Bandon Dunes Golf Resort is adding even more golf to a resort already home to five 18-hole courses and a 13-hole par-3.
Set on an inland dunescape between the first hole of Bandon Trails and the Pacific Ocean, development is proceeding on a second par-3 layout (this one spanning 19 holes) affectionately being referred to as “Course No. 7” by the team behind the design—Rod Whitman, Dave Axland, and Keith Cutten. In fact, the trio will finish building and turfing the resort’s newest golf offering this year, with the potential for preview play in Fall 2023 and a formal opening expected sometime in 2024.
While no official name has been released, we do know plenty about the plans in place at the new course.
Bandon Dunes visionary Mike Keiser recognized the need for more golf—if you’ve tried booking tee times there, you understand that demand is high, and reservations must be booked more than a year in advance. The addition of another par-3 course—complimenting Bill Coore & Ben Crenshaw’s 13-hole short course, The Preserve—made perfect sense, adding to the pool of golf options and allowing visitors to maximize their time on site. So, he turned his attention to the south side of the property and found that nature had already done much of the work for him.
Keiser has a scoring system when he walks a routing for the first time, ranking every hole from 1–10. When Keiser walked this proposed course, he presented it the highest cumulative score he’s ever given.
“Words don’t really do the site justice. It has so much potential,” says Keiser. “There are so many natural pockets for greens. It’s all chopped up with dunes that when you look at them, especially with Rod’s routing at hand, it’s like God laid them out. It’s great green site after great green site after great green site. It’s a much better site than The Preserve, in my opinion.”
After plans for Tom Doak to design the project ultimately fell through, the team of Whitman, Axland & Cutten were a natural choice to fill in. They already have a proven track record working for Keiser at Cabot Cape Breton in Nova Scotia—where Whitman designed Cabot Links and the threesome later joined forces to create the resort’s 10-hole par-3 course, The Nest—not to mention a wealth of other quality courses, predominately in Canada.
“It’s exciting to get the opportunity to hit the U.S. market with our talents,” says Cutten, who is leading the shaping efforts for the new course.
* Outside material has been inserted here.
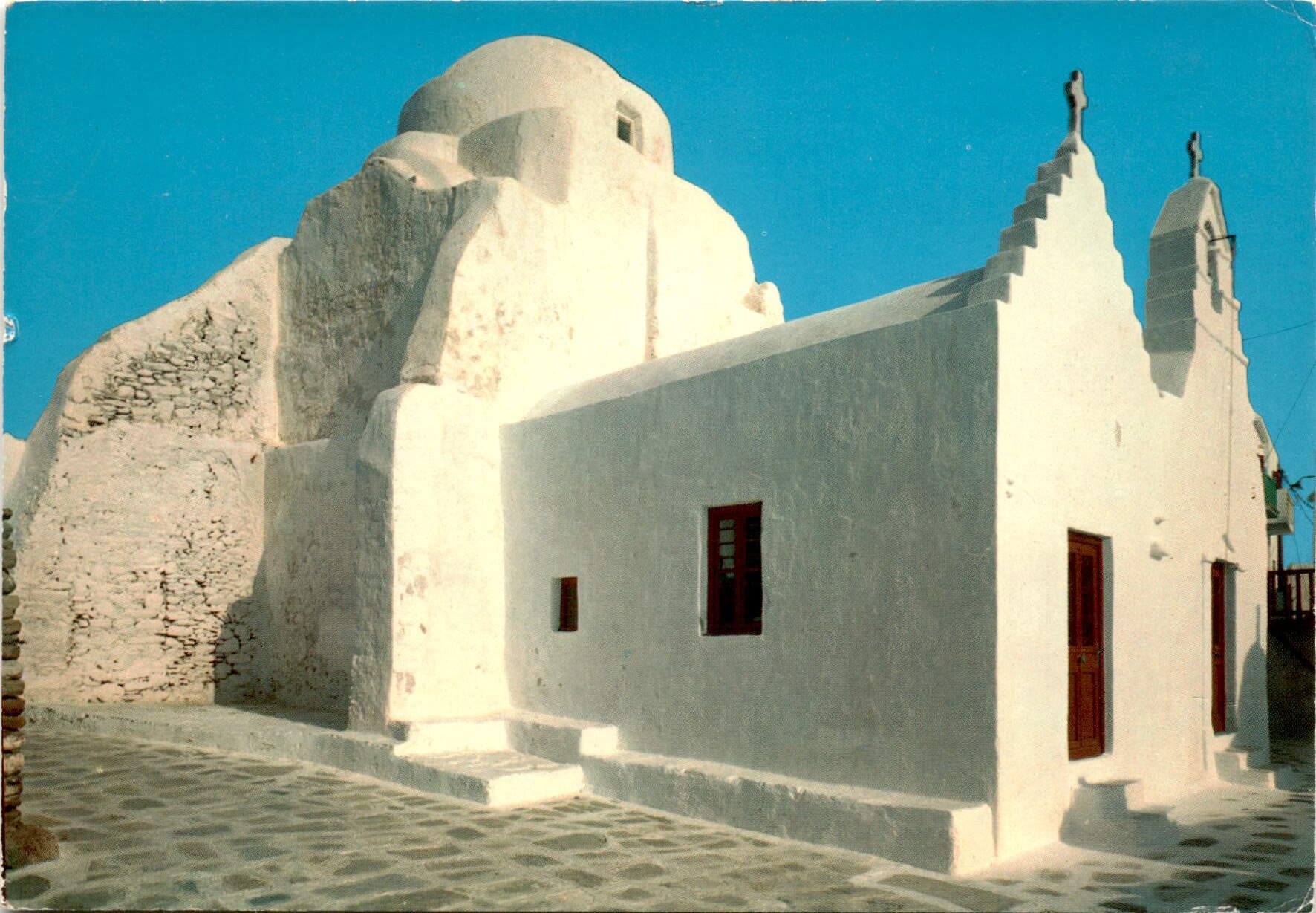 The postcard features the iconic Sainte-Mavri Paraportiani church in Mykonos, a symbol of the island’s cultural and historical significance. The church is a popular tourist attraction and holds great social value for the local community. The image captures the unique architecture and beauty of the church, showcasing the blend of traditional and modern elements. Mykonos is known for its vibrant nightlife and picturesque beaches, making it a sought-after destination for travelers seeking both relaxation and entertainment. The postcard serves as a reminder of the rich cultural heritage of Mykonos and the importance of preserving its historical landmarks. It is a representation of the island’s charm and allure, attracting visitors from around the world to experience its beauty firsthand.

Keiser wanted a true short course; something that didn’t require players to carry more than a few clubs around. Whitman started with a 12-hole routing (Nos. 7–8 on the rendering below) playing around a large dune on the area’s more subtle, walkable portions. Subsequent proposals led to six more holes (Nos. 1–6) on the site’s most dramatic land, starting atop the highest dunes before plunging down into a bowl and up again out of it. A 19th hole was later added that split the gap between the clubhouse and the 18th green, which shares a horseshoe double green with the 6th hole.
Holes are in the range of 60–160 yards on the current scorecard, with the option of getting a few up to 180 yards. There are numerous teeing areas, including a forward tee where players can use their putter on every hole.
Although a forested section sits between the course and the ocean, Cutten estimates there are water views on roughly 80 percent of the course. It’s the other 20 percent he’s more excited about, where players drop below the treeline and lose perspective of where they are, something he notes makes Bandon Trails so special.
“My favorite thing about the property is it’s so varied that we were actually able to give 19 different looks to a short hole, which depending on your site is not very easily done,” says Cutten. “You want every shot to be memorable, and the landscape helps us with that.”
The layout begins and ends steps below a new clubhouse, located on one of the highest points on property. The structure will be comparable to the existing space at Old Macdonald, but while modest in size, the vistas stretching from Pacific Dunes in the north all the way down to the rocks outside of the town of Bandon will be a “holy shit visual” for guests, as Keiser puts it, and an unquestionably popular place to enjoy a Bandon sunset.
The price to play the new short course will be $100 (the same fee as The Preserve), and like The Preserve, all proceeds will benefit the Wild Rivers Coast Alliance.